= Margie Pitts Hames =

American civil rights lawyer (1933–1994)

Margie Pitts Hames (December 8, 1933 – July 19, 1994) was an Atlanta civil rights lawyer who argued the abortion rights case Doe v. Bolton before the U.S. Supreme Court.

== Biography ==
Hames was born in Milton, Tennessee, to a poor rural family. As a schoolgirl, Hames encountered a schoolteacher who stated that the only acceptable time for an abortion was "when a black man raped a white woman." In 1951, Hames graduated from Kittrell High School in Murfreesboro, Tennessee.

While working as a legal secretary, Hames began studying law at Middle Tennessee State University. She later transferred to Vanderbilt University, where she earned bachelor's and law degrees in 1961.

In 1962, Hames entered law practice in Atlanta with the law firm of Fisher & Phillips, specializing in labor-management relations. In 1969, after the birth of her two children, Hames started volunteer work for the Lawyers' Committee for Civil Rights Under Law. The Ford Foundation had funded this project with the goal of preventing confrontations between civil rights demonstrators and law enforcement.

In 1970, the American Civil Liberties Union and the Atlanta Legal Aid Society hired Hames to contest a 1968 abortion law in Georgia. The plaintiff "Doe" was Sandra Bensing Cano, a pregnant woman who had been unable to get a legal abortion. The defendant was the Georgia attorney general, Arthur Bolton. Sandra Cano was attempting to gain a divorce and custody of her previous two children at the time she sought legal representation. Cano held pro-life views, and claimed that Hames had manipulated her.

Hames was the main lawyer in Doe v. Bolton when it came before the US Supreme Court along with Roe v.

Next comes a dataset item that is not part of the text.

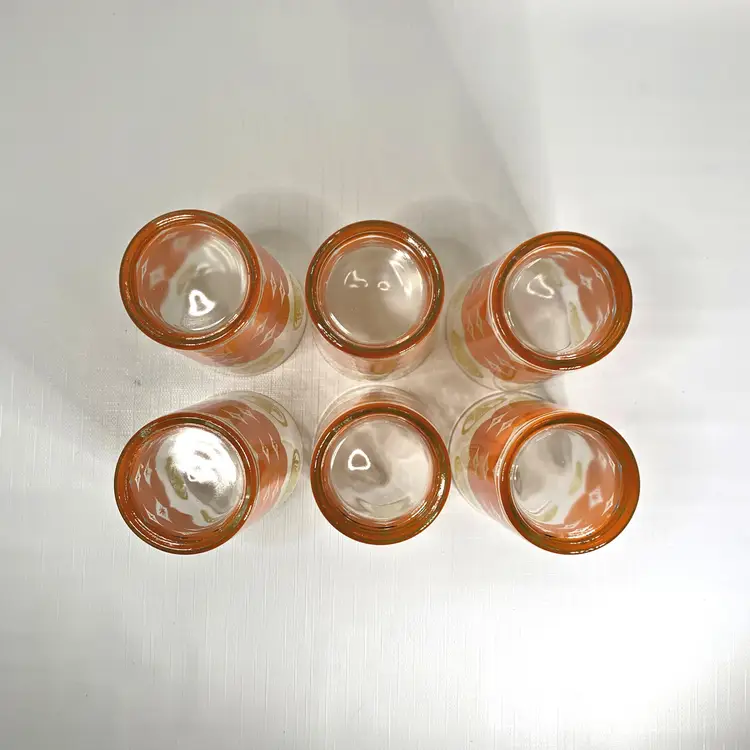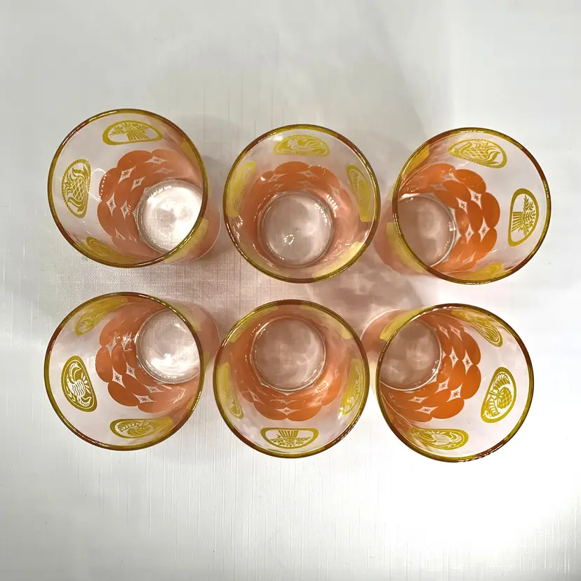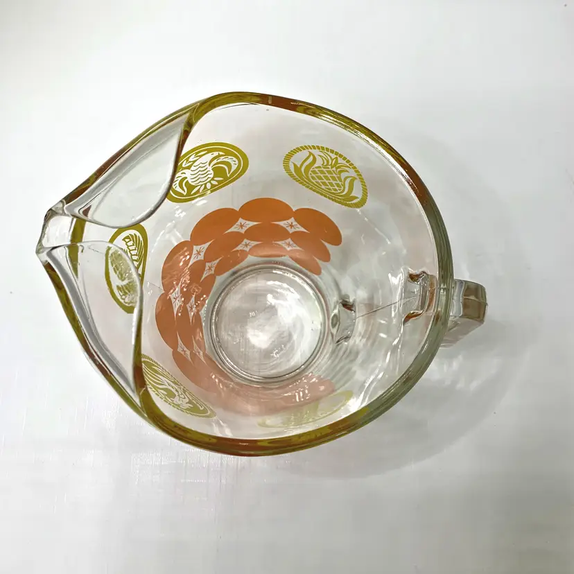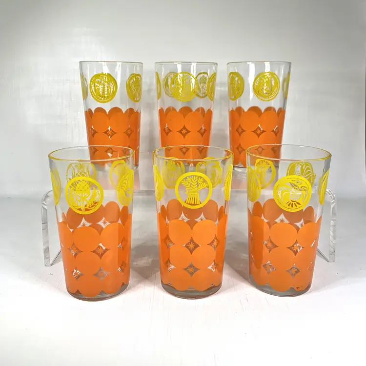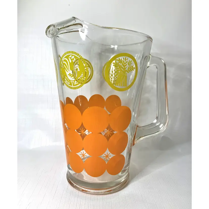 Each tumbler measure approx. 3 x 5 inches tall, pitcher is 10” tall x 6” in diameter at the top.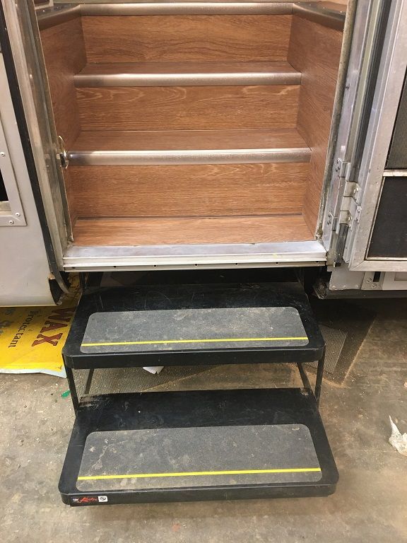 Regency entry steps and many coaches do not have the same rise and foot area on each step. See in the picture below, the top rise is 10.5 inches. The second step is 8 inches. The different rise amounts cause a tripping hazard, especially for older Barth owners. Ask Nick Cagle about this?

Wade. On January 22, 1973, the court overturned the Georgia law.

In 1971, Hames opened her own law firm. She would eventually serve as legal counsel for the Atlanta Surgi Center, the Hillcrest Clinic, the Summit Medical Center, Midtown Hospital, and the Atlanta Center for Reproductive Health. She also handled civil rights claims regarding police brutality, employment discrimination, welfare rights and education cases. In 1982, she ran unsuccessfully for the Georgia Supreme Court.

In 1994, Hames died at age 60 at Piedmont Hospital in Atlanta after suffering a heart attack while driving. She is buried in Milton Cemetery in Milton, Tennessee.

==Posthumous==
In 2006, as part of a court challenge, Cano (died September 30, 2014) claimed that Hames lied to her and pressured her into participating in Doe v. Bolton. Before her death, Hames had rejected this coercion claim. The US Supreme Court rejected Cano's challenge.